Beyond crash detection, fatcrash includes two portfolio-level tools. Constant volatility targeting (Hallerbach, 2012) sizes positions inversely to realized volatility: when vol spikes, reduce exposure; when vol is low, increase it. This is the Bouchaud-school response to crash risk — don’t predict crashes, just mechanically reduce exposure when the market gets rough. The rebalance risk signal (Rattray, Granger, Harvey, and Van Hemert, 2020) addresses a subtler problem: mechanical rebalancing (buying stocks after they fall to maintain a target allocation) is negative convexity. During persistent drawdowns where DFA shows trending dynamics and momentum is negative, “buying the dip” amplifies losses. The signal combines DFA persistence with momentum direction to warn when rebalancing is dangerous.

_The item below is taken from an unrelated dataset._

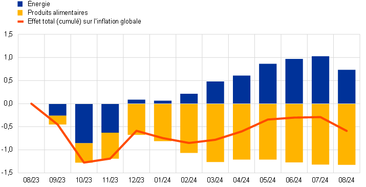Notes : L’incidence cumulée des effets de base est toujours indiquée par rapport à un mois de référence spécifique. Par exemple, les effets de base liés à l’énergie se traduiraient par une progression de 1,0 point de pourcentage de l’inflation globale en juin 2024 par rapport au taux d’inflation d’août 2023. De même, les effets de base liés à la composante produits alimentaires expliquent un ralentissement de 1,3 point de pourcentage de l’inflation globale en juin 2024 par rapport à août 2023. Au total, les effets de base liés aux produits alimentaires et à l’énergie entraînent un repli de 0,3 point de pourcentage de l’inflation globale en juin 2024 par rapport au taux enregistré en août 2023.

The code is open source: github.com/unbalancedparentheses/fatcrash. The forex data comes from forex-centuries.
#References
- Jegadeesh, N. and Titman, S. (1993). Returns to Buying Winners and Selling Losers: Implications for Stock Market Efficiency. Journal of Finance, 48(1).
- Scowcroft, A. and Sefton, J. (2005). Understanding Momentum. Journal of Asset Management, 6(3).
- Hallerbach, W. (2012). A Proof of the Optimality of Volatility Weighting over Time. Journal of Investment Strategies, 1(4).
- Rattray, S., Granger, N., Harvey, C. R., and Van Hemert, O. (2020). Strategic Rebalancing. Journal of Portfolio Management, 46(6).
- Jordà, Ò., Schularick, M. and Taylor, A. M. (2019). The Rate of Return on Everything, 1870-2015. Quarterly Journal of Economics, 134(3).
- Nielsen, M. and Sornette, D. (2024). Deep LPPLS. arXiv:2405.12803.
#Disclaimer
This article is for educational and research purposes only. Nothing here constitutes financial advice, trading recommendations, or an invitation to buy or sell any asset. The detection rates reported are retrospective, based on labeled historical events, and should not be interpreted as predictive accuracy for future markets. Always consult a qualified financial advisor before making investment decisions.